1940年代、50年代のオクスフォードの法哲学は、ひどい状態だった。大きな原理原則もなく、大問題に立ち向かうこともなかった。

 法哲学講座の教授に就任するまで、ハートが公表した論文は3つ、書評が3つである。そのうち、法学に関係するものは1つだけであった*6。恐るべく少ない業績である。それでも彼が法学の主要な講座の教授に就任することができた背景には、当時のオクスフォードにおいて哲学者がきわめて高く評価されていたこと、哲学者たちにとって知的エリートである仲間内での評価こそが肝心であって、論文を公表することにさしたる意義が置かれていなかったこと*7、そして、当時のオクスフォードにおいて法学および法学者の評価が低かったことがある*8
 
 教授選考にあたってハートの推薦状を執筆したギルバート・ライル*9は、これまで馬鹿や悪漢(fools and knaves)が占めてきたこの教授職も、今や高潔な人格と知性を備える者が務めるべきときが来たと記し、ハートを困惑させたそうである*10。ライルはさらに、次のように述べる*11

私自身の見解を明らかにすべき一般的な論点がある。この国における法哲学は停滞している。長年にわたり、1~2の例外を除いて、哲学者の関心をそそるようなものは何1つ生み出されていない。法哲学は、ドイツ、スカンジナヴィア、そして合衆国では進展している──大いにとは言えないまでも、人目を惹くほどには。イギリスは法哲学の進展に貢献していない。私の主たる関心は、哲学のために何が必要かにある。

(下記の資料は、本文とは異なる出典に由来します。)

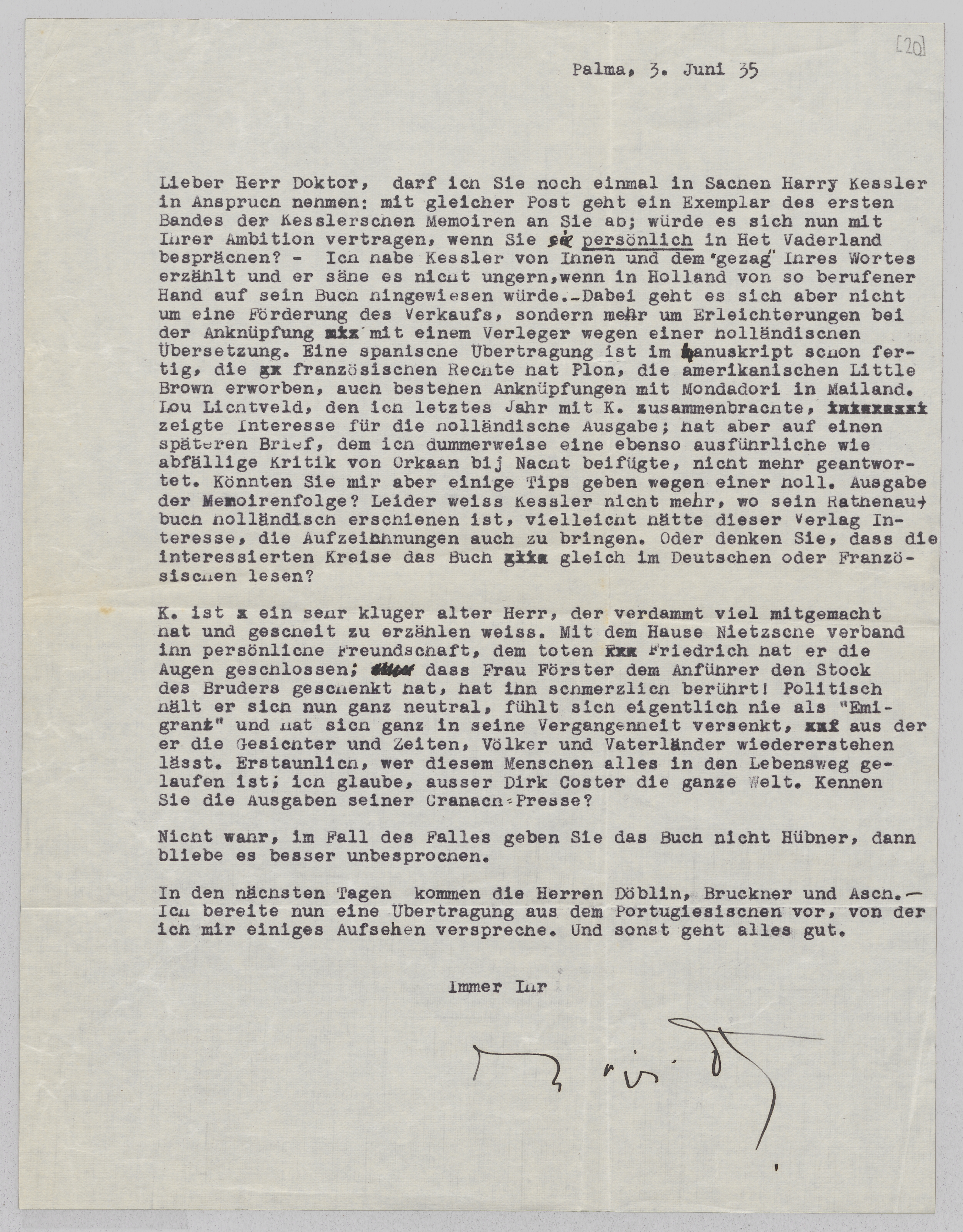 Lieber Herr Doktor, darf ich Sie noch einmal in Sachen Harry Kessler in Anspruch nehmen: mit gleicher Post geht ein Exemplar des ersten Bandes der Kesslerschen Memoiren an Sie ab; würde es sich nun mit Ihrer Ambition vertragen, wenn Sie sie persönlich in Het Vaderland besprächen? - Ich habe Kessler von Ihnen und dem ‘gezag’ Ihres Wortes erzählt und er sähe es nicht ungern, wenn in Holland von so berufener Hand auf sein Buch hingewiesen würde.- Dabei geht es sich aber nicht um eine Förderung des Verkaufs, sondern mehr um Erleichterungen bei der Anknüpfung mit einem Verleger wegen einer holländischen Übersetzung. Eine spanische Ubertragung ist im Manuskript schon fertig, die franzözischen Rechte hat Plon, die amerikanischen Little Brown erworben, auch bestehen Anknüpfungen mit Mondadori in Mailand. Lou Lichtveld, den ich letztes Jahr mit K. zusammenbrachte, zeigte Interesse für die holländische Ausgabe; hat aber auf einen späteren Brief, dem ich dummerweise eine ebenso ausführliche wie abfällige Kritik von Orkaan bij Nacht beifügte, nicht mehr geantwortet. Könnten Sie mir aber einige Tips geben wegen einer holl. Ausgabe der Memoirenfolge? Leider weiss Kessler nicht mehr, wo sein Rathenaubuch holländisch erschienen ist, vielleicht hätte dieser verlag Interesse, die Aufzeichnungen auch zu bringen. Oder denken Sie, dass die interessierten Kreise das Buch gleich im Deutschen oder Französischen lesen?
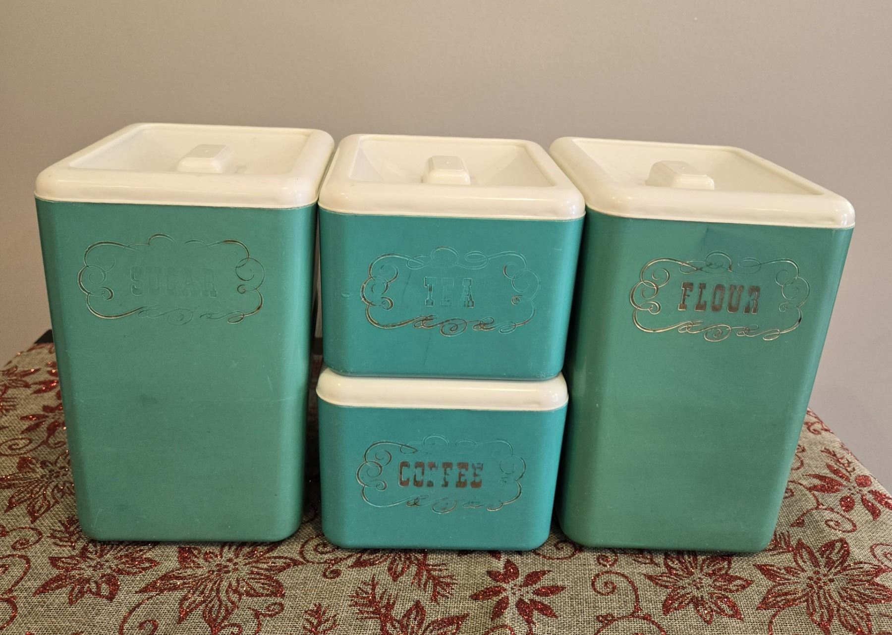 Vintage Beacon plastic 1950/60's sugar, flour, tea and coffee canisters. Turquois.

 問題は、哲学である。法学ではない。ハートの就任は、哲学者の間で歓迎された。ハート自身も、当時の法学教師たちを見下していたと言われる。ハートは、友人のアイザィア・バーリン宛ての手紙で、次のように述べる*12

法学の教師連の変わった点は、4~5人の例外を除いて、自分たちはバリスターのなりそこないで、ロンドンにいる本物たちの亜流だと考えていることだ。哲学者が自分たちのことを公務員か株式仲買人の見習いにすぎないと考えているようなものだ。そうしたわけで、裁判官たちに対する忌まわしい崇敬とおべっかがもたらされる。彼らがもっとも必要としているのは、自尊心だ。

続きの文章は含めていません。